Marine organisms are a prolific source of natural products, producing structurally diverse bioactive compounds shaped by environmental conditions distinct from those in terrestrial ecosystems. These compounds, typically derived from secondary metabolism, are not directly involved in growth or maintenance but play key roles in mediating ecological interactions. Many of these molecules exhibit significant biological activities and have demonstrated therapeutic potential against various pathogens [1,2,3].
Marine-derived compounds such as peptides, alkaloids, polyketides, and terpenes have attracted considerable attention due to their broad spectrum of bioactivity and chemical diversity. In particular, antibacterial compounds from marine sources are of growing interest as potential tools to combat antibiotic resistance [4,5]. Currently, 33 marine bioactive compounds are at different stages of drug development—including preclinical and clinical phases I–III—and 15 have been approved by regulatory agencies in the United States, Australia, Japan, and China. Notably, the nucleoside Ara-A, isolated from a marine sponge, has been approved for antiviral treatment [6,7]. Furthermore, 11 compounds in the preclinical pipeline—primarily from the shikimate, peptide, polyketide, alkaloid, and terpene classes—have shown antibacterial activity and are derived from marine sponges, algae, bacteria, bryozoans, and soft corals [6,7].
The growing inefficacy of conventional antibiotics due to bacterial resistance poses a major global health threat. Resistance may arise through the acquisition of resistance genes or the occurrence of spontaneous mutations. The inappropriate or excessive use of antibiotics accelerates this process, leading to treatment failures and an increased burden on healthcare systems, along with higher mortality rates [8]. In this context, the discovery of novel antibacterial molecules is critical to developing alternative therapeutic strategies.
Recent studies have explored the antibacterial properties of extracts from a wide range of marine organisms, including invertebrates and macroalgae, targeting both common and multidrug-resistant bacterial strains [9,10,11,12,13]. These investigations underscore the importance of marine bioprospecting for the identification of secondary metabolites with biotechnological potential. Among screening methodologies, the disk diffusion assay remains a widely employed approach for the preliminary evaluation of antibacterial activity, owing to its simplicity, low cost, and ability to generate rapid and semi-quantitative results. When using this method, sterile paper disks impregnated with test extracts are placed on agar plates inoculated with bacterial cultures. After incubation, the zones of inhibition surrounding the disks are measured to assess antimicrobial potential against specific bacterial strains [14].
In this study, we investigated the antibacterial activity of aqueous and organic extracts from marine organisms collected along the coast of Ceará, Northeastern Brazil. As part of a broad bioprospecting effort, we aimed to identify extracts capable of inhibiting both Gram-positive and Gram-negative bacteria. The results are expected to support future efforts directed at achieving the isolation, structural characterization, and development of novel bioactive compounds with potential applications in biotechnology and medicine.

2. Materials and Methods

2.1. Material Collection

Marine macroalgae and sponges were manually collected from the beaches of Pacheco and Paracuru and by scuba diving at Parque da Pedra da Risca do Meio, along the coast of Ceará, Brazil (Tables S1–S3).

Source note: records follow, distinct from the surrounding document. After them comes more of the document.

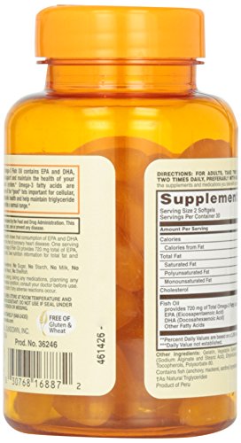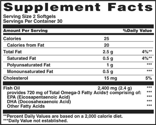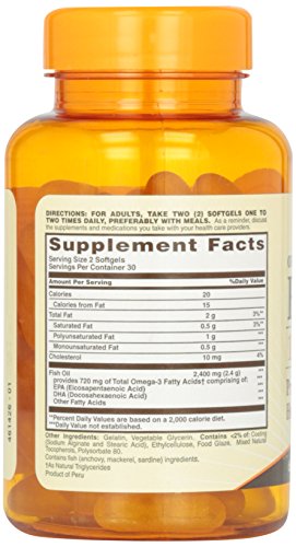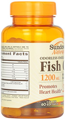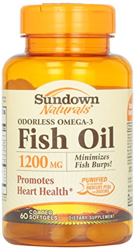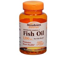 Sundown Naturals Odorless Omega-3 Fish Oil 1200 mg provides you with eicosapentaenoic acid (EPA) and docosahexaenoic acid (DHA), two fatty acids that are known for their ability to support healthy heart and cardiovascular function. Fish Oil also contributes to healthy circulation, and supports metabolic and cellular health. These Odorless Fish Oil soft gels are coated to minimize fishy aftertaste, and are purified to eliminate heavy metal contaminants such as mercury. Each serving supplies you with 720 mg of Omega-3s.
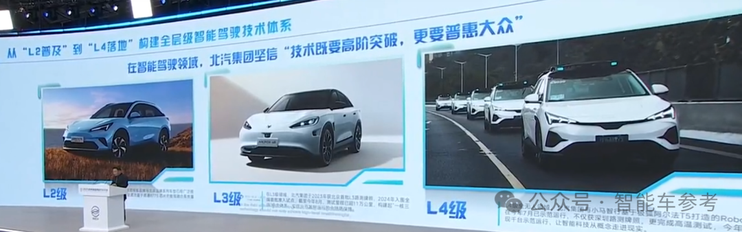 北汽集团董事长张建勇介绍了北汽在不同等级智能驾驶上的布局。
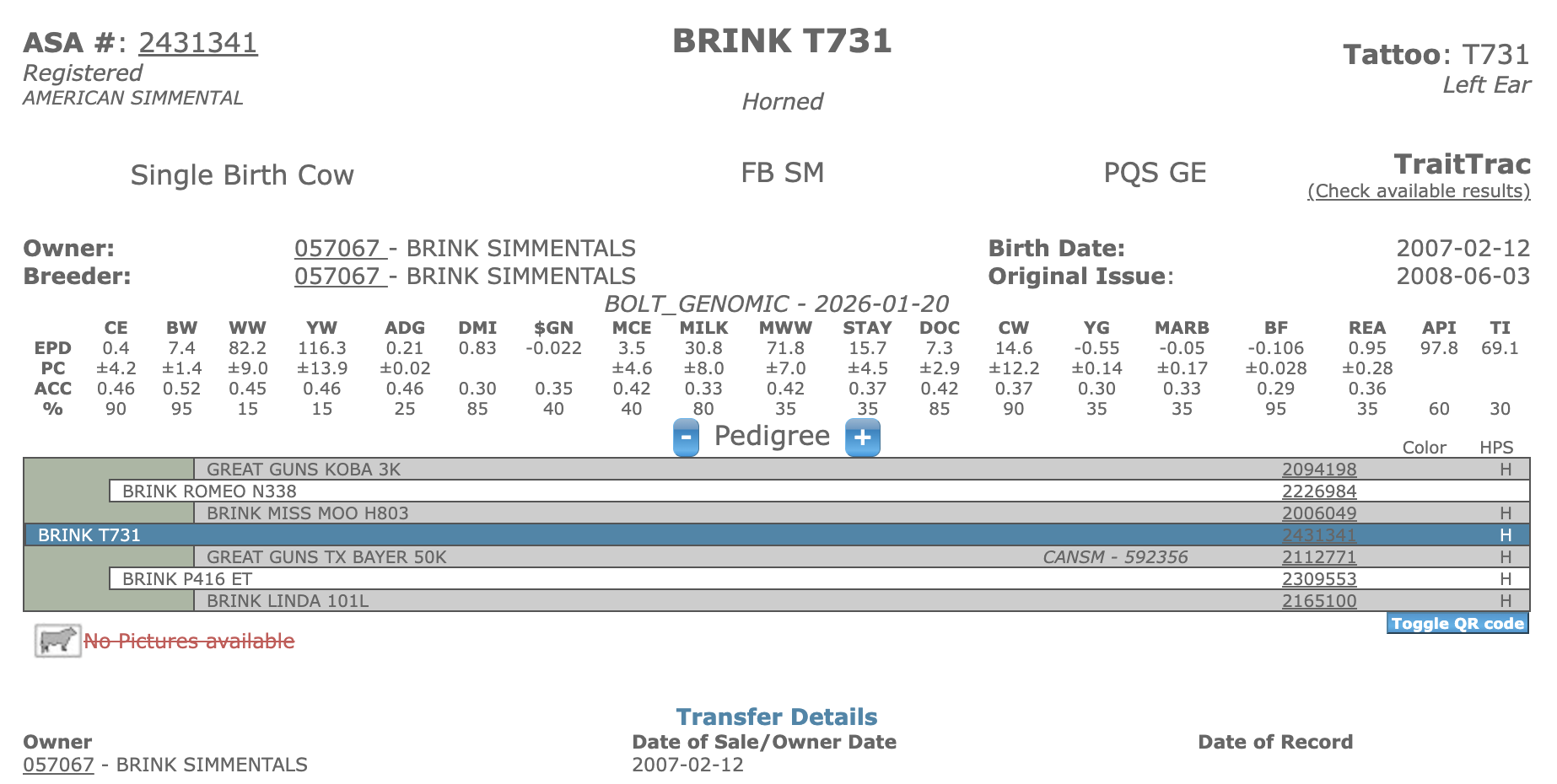FOUNDATION FEMALES Brink T731 ASA#: 2431341Dam of Herdsire Brink Levi X011 Dam of Herdsire Brink Levi X011
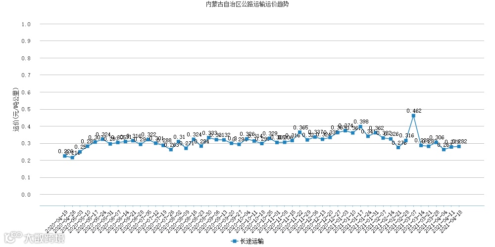 本周内蒙古公路运输运价为0.282元/吨公里,较上周上涨了0.003元/吨公里,上升1.1%。
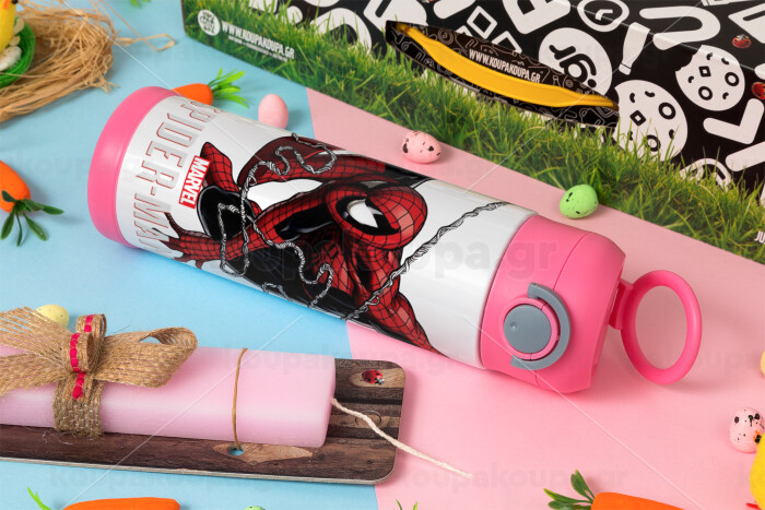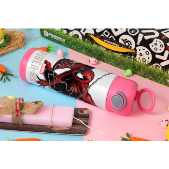 Spider-man, Easter candle, Childrens hot water bottle, stainless steel, with safety straw, PINK (500ml)
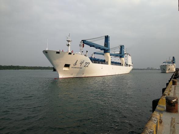 载有长征五号B火箭的远望运输船抵达海南文昌(杨柳摄)
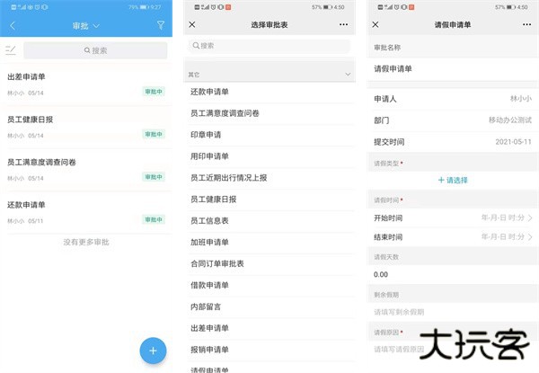 企业自定义审批流程,员工打开工作台的审批应用,手机随时随地提交审批。
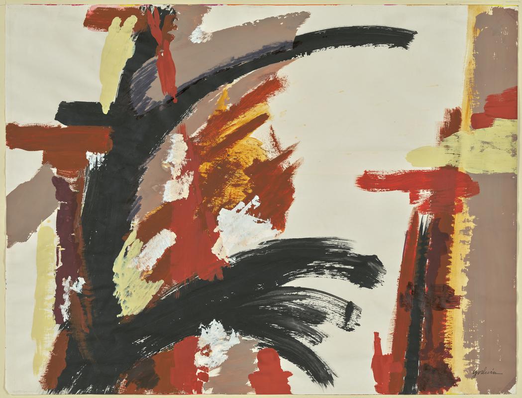 Dyfrlliw Gweithiau ar bapur Celf Gain 23_CADP_Feb_23 Haniaethol Coch Melyn Mynegiadaeth Haniaethol Ôl 1945 Artist Benywaidd CADP content Artistiaid y 21ain ganrif
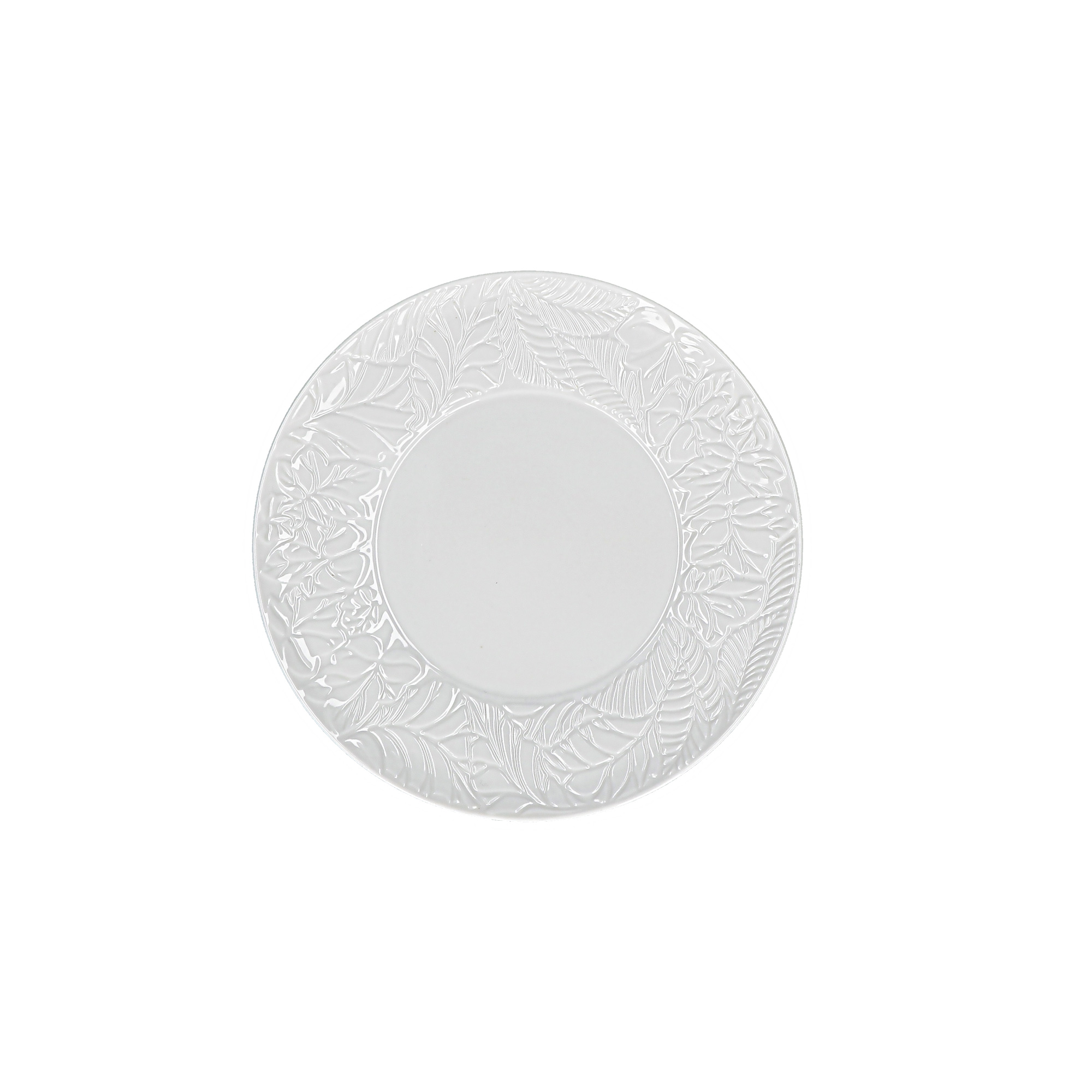 Un pregiato decoro a rilievo che riproduce foglie di felce, edera, faggio e altri elementi naturali della pittoresca campagna toscana, conquista la tavola rendendo indimenticabile ogni momento conviviale.
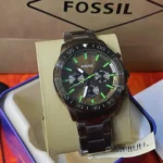 Original Fossil Watch Bannon Smoke for men BQ2504 Oily With Green Numerals dial Strap Metal belt with Grey color . With Packing Fossil Box + Bag
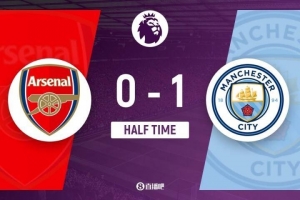 半场结束,阿森纳暂0-1曼城。
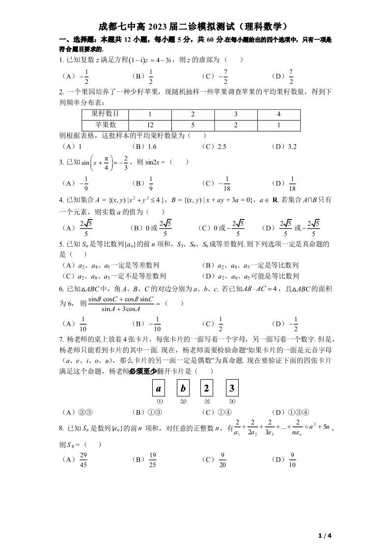 高三理数--四川省成都市第七中学2023届高三下学期二诊模拟考试
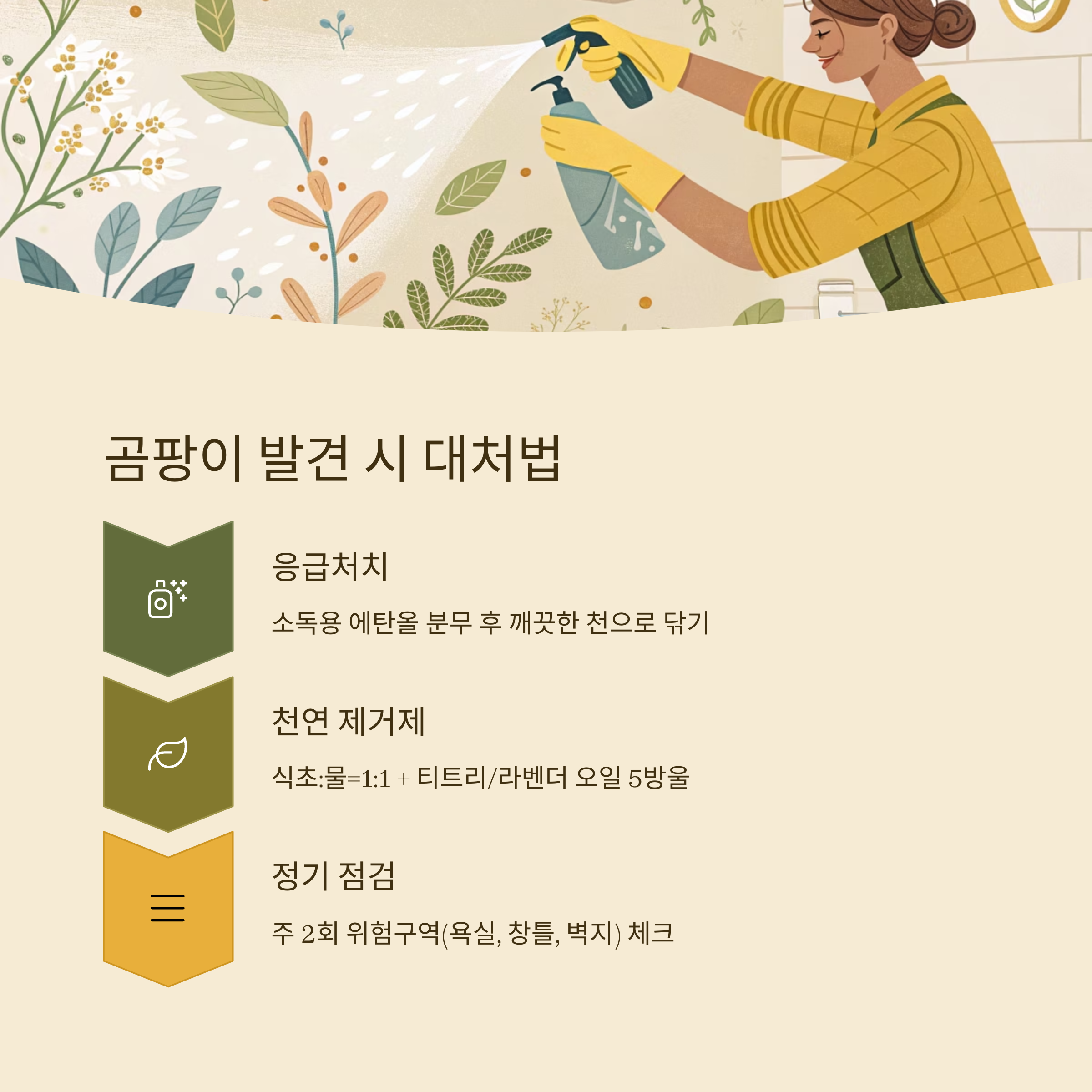 곰팡이는 발견 즉시 처리하지 않으면 퍼지기 시작합니다. 초기에는 표면에만 얕게 퍼져 있지만 시간이 지날수록 벽지 안쪽이나 나무 소재 내부까지 침투하게 되죠. 발견 즉시 소독용 에탄올을 분무기에 담아 곰팡이 위에 충분히 분사한 후, 깨끗한 천으로 닦아내고 건조하는 것이 가장 안전하고 효과적인 응급처치입니다.
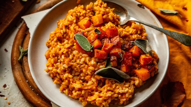 Just as roasting butternut squash is the favored cooking method, so is turning it into a creamy soup. But we're not here to tell you how to do that — you probably already know! Instead, allow your imagination to run wild and think of the numerous creative ways to use butternut squash that aren't soup. Those deeply caramelized roasted cubes will make a wonderful addition to risotto, chili, and curry, while bigger slices will contribute sweetness and heartiness to sandwiches. A small amount of leftover raw butternut can be pulsed to create a low-carb fried rice alternative, or minced and cooked with other veggies to make pastry filling.
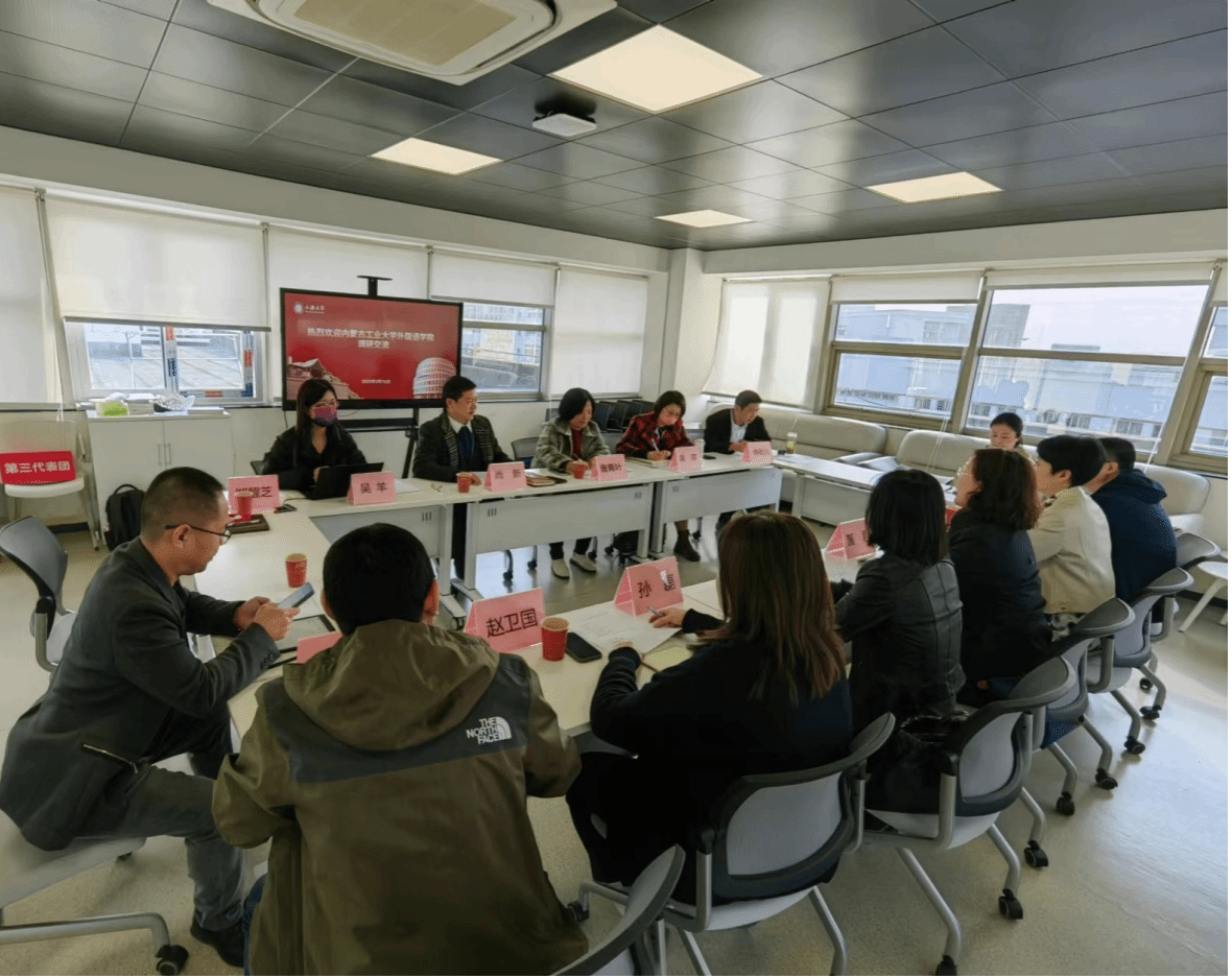 2023年3月16日上午,内蒙古工业大学Beat365中文官方网站院长董君一行来访Beat365官网,双方在C501会议室进行了交流探讨。会议由院长尚新主持,副院长唐青叶、英语系教授傅敬民、英语系副主任龚萍、大学外语教学部副主任吴羊、MTI教育中心副主任花亮、院办主任郑醒芝等出席了会议。
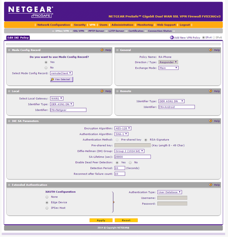 One more time.... RemoteAccess IPsec XAuth w/certificates on FVS336Gv3 <-> Android 6.0.1

Fragments of the collected organisms were individually placed in plastic tubes and kept cool in thermal boxes during transport to the Marine Biotechnology Laboratory (BioMar-Lab), Department of Fisheries Engineering, Federal University of Ceará. All collections and the use of biological material were authorized by the Brazilian environmental regulatory systems SISBIO (Biodiversity Authorization and Information System, ID: 33913-10, 33913-11) and SISGEN (National System for Genetic Heritage and Associated Traditional Knowledge Management, ID: AC14AF9, A9D15EA, A1792FE, AC71058, A625FEE, ACC97AD). Macrolgae were identified at the Department of Fisheries Engineering, Federal University of Ceará, and sponges were identified at the Department of Zoology, Federal University of Pernambuco.
Macroalgae were identified at the Department of Fisheries Engineering, Federal University of Ceará, and sponges were identified at the Department of Zoology, Federal University of Pernambuco.

2.2. Aqueous Extraction

Different tissues from the marine organisms were macerated with or without liquid nitrogen, depending on tissue consistency, and then homogenized in distilled water at a ratio of 1:3 (w/v) for macroalgae and 1:2 for sponges. Homogenization was performed using a refrigerated shaker (TH 6430B, Thoth Equipments, Piracicaba, Brazil) at 170 rpm for 4 h at 25 °C. The resulting extracts were centrifuged at 9000× g for 15 min, and the supernatants were transferred to new tubes and stored at −20 °C until further use.

2.3. Organic Extraction

Tissues were processed as described for aqueous extraction. The macerated material was homogenized in 50% acetonitrile at the same ratios (1:3 for macroalgae and 1:2 for sponges) and agitated at 170 rpm for 4 h at 25 °C. The aliquots (2 mL) of the resulting extracts were transferred to microtubes and concentrated by acetonitrile evaporation using a vacuum concentrator (Labconco, Kansas City, MO, USA) at 35 °C for 2 h. The concentrated organic extracts were stored at −20 °C until further analysis.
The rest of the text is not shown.